Георгий понятия не имел, как выглядела та самая его прабабушка… Он и не мог знать, в семье не осталось её фотографий. Трудно объяснить современным людям: вот прожил кто-то огромную, насыщенную жизнь, и нет ни одного снимка… Но правнук не сомневался, она была настоящей красавицей.
Всё слишком изменилось. Раньше с похмелья пили рассол или кефир. Теперешний человек, в том числе и сам Горюнов, предпочитал бутилированный гаспачо. Раньше в одной коляске «выращивали» целый выводок детей. Агрегат передавался из семьи в семью, на борту первого транспорта можно было звёздочками отмечать количество повзрослевших в нём пассажиров. Сейчас у каждого карапуза – по два-три средства передвижения. И вроде все нужны, ни одно не простаивает… Вот только после того, как малыш подрастёт, коляски уже никому не передать, качество не то.

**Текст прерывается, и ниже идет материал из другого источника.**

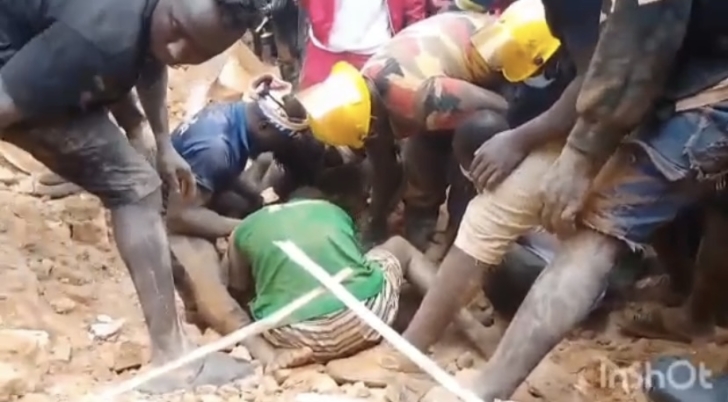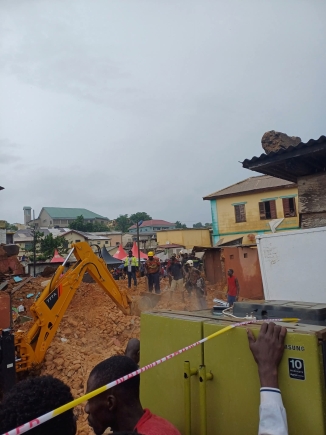 Personnel from the Ghana National Fire Service (GNFS), the police and the National Disaster Management Organisation (NADMO) responded to the distress call and were at the scene to assist with the search for the trapped persons.
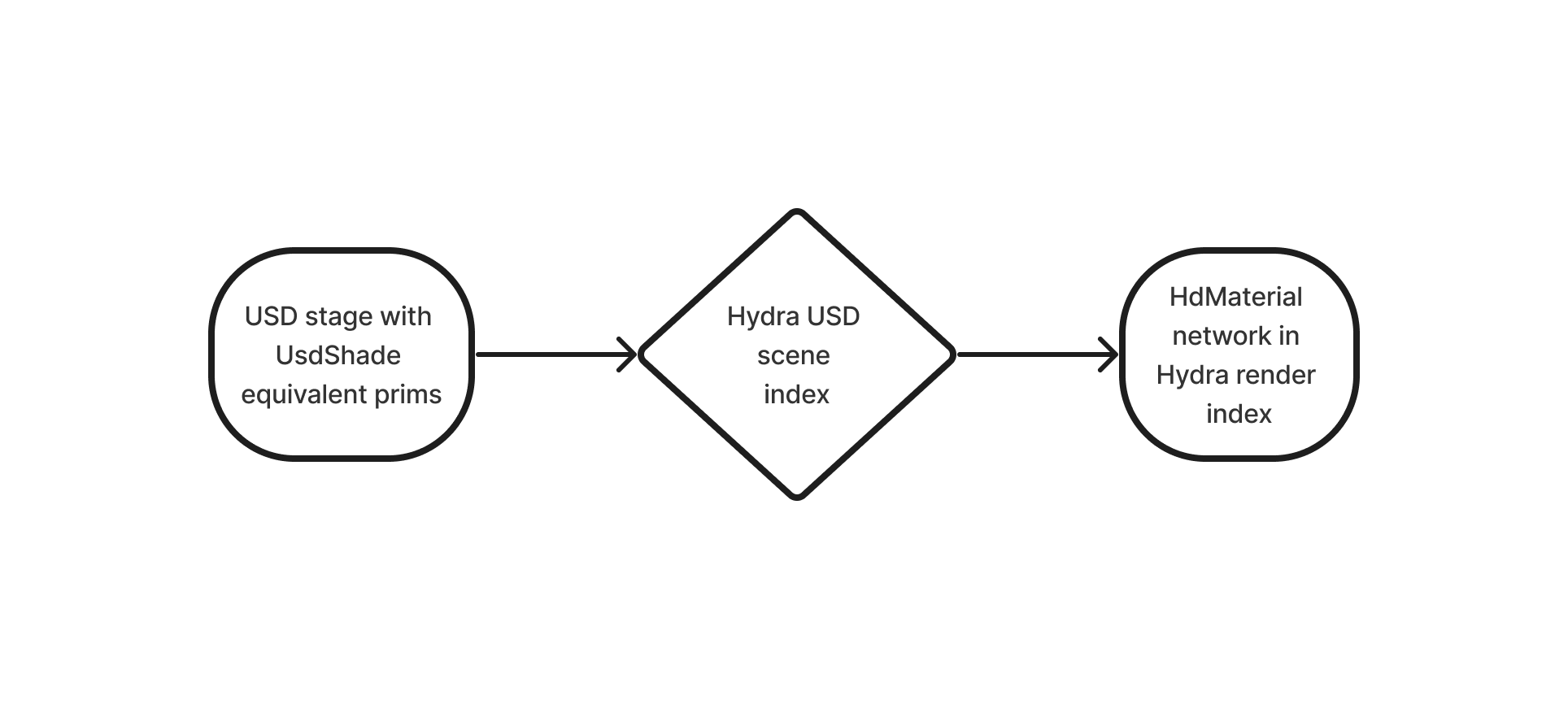 Once the USD scene is composed, and MaterialX nodes are converted to USD prims, Hydra will process the USD scene (via the usdImaging USD scene index) and create Hydra prims and prim datasources to populate the Hydra render index. This process is part of Hydra's regular render index population – USD prims created from MaterialX nodes are processed like any other USD prim used to populate the render index.

Раньше конфеты-мишки походили на медведей, а не на соплю с семью торчащими прыщами – четыре лапы, нос и два уха – будто кто-то ущипнул желе. Шоколадный «Дед Мороз» теперь – полая гладкая коричневая колобаха сомнительного кофейного вкуса. Что-то среднее между сосулькой и фаллоимитатором, завёрнутым в фольгу. В «зайчика» она превращается просто заменой рисунка на фольге.
Вселенная остывает, всё портится. Именно поэтому самые фантастические вещи в мире – это твёрдый сыр и вино, которые с годами умудряются становиться лишь лучше. Они заставляют время служить им, используют его себе во благо… Похоже, только они… Георгий был голоден до такой степени, что про книги совсем не подумал. Опорожнённый тошнотой желудок напоминал о себе неприятным урчанием. Но где найдёшь еду в пригородном автобусе?
Горюнов посмотрел в окно. Наступали приятные сумерки. Естественный свет. Других машин, вмешивающихся в него своими острыми фарами, не было… Более того, встречную дорогу сильно засыпало снегом. Очевидно, в обратную сторону сегодня по ней не проехало ни одного автомобиля. А может, здесь вообще никто никогда не ездил? Георгий глядел на эти огромные сугробы с удивлением.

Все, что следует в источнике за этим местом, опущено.